- Directed by: Jaron Henrie-McCrea
- Produced by: Carys Edwards Jaron Henrie-McCrea
- Starring: Danni Smith Tim Lueke Martin Monahan
- Cinematography: Jaron Henrie-McCrea
- Edited by: Eric Scherbarth
- Production company: Jash Pictures
- Distributed by: Uncork'd Entertainment
- Release date: October 4, 2015;
- Running time: 74 minutes
- Country: United States
- Language: English

= The Gateway (2015 film) =

The Gateway, also known as Curtains, is a 2015 horror film directed by Jaron Henrie-McCrea and starring Danni Smith and Tim Lueke as two activists that investigate a series of disappearing shower curtains in Smith's apartment. The film had its world premiere on August 31, 2015, at Film4 FrightFest.

==Plot==
Danni has recently left her job as a hospice nurse in order to become an activist for Whale Savers, a whale conservation group. She also leaves the home of her uncle, Gus, moving into a recently vacated apartment in order to get a new start on life. However soon after she gets settled she discovers that her shower curtains have been disappearing. Danni decides to try to record her bathroom overnight in order to discover what is going on, only to find that her shower curtains are disappearing into a strange portal in her shower wall.

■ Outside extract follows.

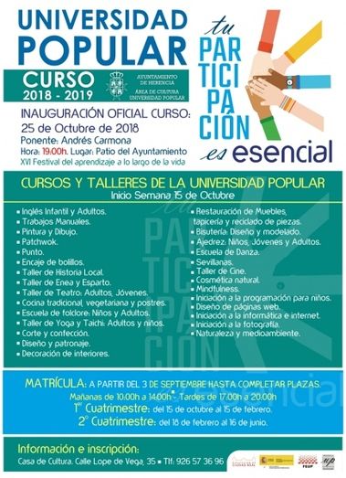 El próximo lunes 3 de septiembre comienzan las inscripciones de una nueva edición de Universidad Popular en Herencia. Con más de 30 años de trayectoria, el área de Educación presenta 28 cursos y talleres, fomentando el aprendizaje y el disfrute del tiempo de ocio de los vecinos del municipio.
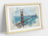 - Framed wall art featuring Golden Gate Bridge art in watercolour painting style

She later brings this up with one of her fellow activists, Tim, who eagerly suggests that she put her contact information on a curtain. This way, if someone finds the curtain the person can call Danni and they can discover the portal's destination. They are contacted by Willy, a drifter that tells them that her curtain appeared in a wooded creek near Poughkeepsie, New York. He volunteers to take them to the area he discovered the curtain, but shortly after arriving he begins huffing paint, bringing out a hostile alter ego named Frankie, and attacking the two activists. They manage to escape the area, but as soon as they arrive back to Danni's apartment they are confronted by the Pale Man, who tells Danni that she is bound to the portal and brands her hand with a symbol. She is also cautioned about putting up another curtain. Ignoring the Pale Man, Danni pulls down the tiles on her shower wall and discovers a strange map. She also puts up a curtain and records its disappearance, noting that certain parts of the map glow. Her investigations are not without repercussions and Danni discovers her uncle dead in his home with the same symbol on her hand branded into his forehead. Through her own investigations and some notes made by her uncle, Danni realizes that the glowing sections of the map mark a specific location near the creek and has Tim put up curtains so she can see where it appears.

While she is searching the area Danni discovers one of her shower curtains with a monster inside of it, which chases her until the Pale Man appears with several yokels that routinely monitor the portal in order to kill any monsters that come through. They then make her bury the monsters that have come through the curtains as a result of her experimenting with the shower. They're about to murder her when a new monster appears, giving Danni an opening to escape as the monster kills the Pale Man and his helpers. When the monster turns to Danni, she beats it to death and escapes to her apartment. When she returns to her apartment she realizes that the monster was actually Tim, who had discovered her distress and went through the portal with the curtain in order to rescue her. Distraught, Danni takes a shower curtain and transforms herself into one of the monsters. A tabloid is later shown, revealing that a monster implied to be Danni killed the entire crew of the whaler ship Obake Maru, the ship the two had been sidewalk protesting against.

==Cast==
- Danni Smith as Danni
- Tim Lueke as Tim
- Martin Monahan as The Pale Man
- Rick Zahn as Uncle Gus
- Chuck McMahon as Bert
- Preston Lawrence as Preston the Super
- Gregory Konow as Willy

== Reception ==
Bloody Disgusting commented that the movie had a limited appeal and that "It’s light fare for those who enjoy films that are outside of convention, but it’s not one that will be on every fan’s list of repeat viewings." Starburst commented that the film would be a hard sell for broad consumption, but that with the film's then title of Curtains and its premise, it "was always going to be one of the year's most original horror films. Thankfully, it also turns out to be one of the best."

Anton Bitel of Sight and Sound also reviewed the movie, stating "Charming and weird enough to get away with its rough edges, it can along the way seem a bit meandering, especially in its focus on Tim's Save the Whales fixation, but in the end every (narrative) hook on this Curtain fits neatly into place."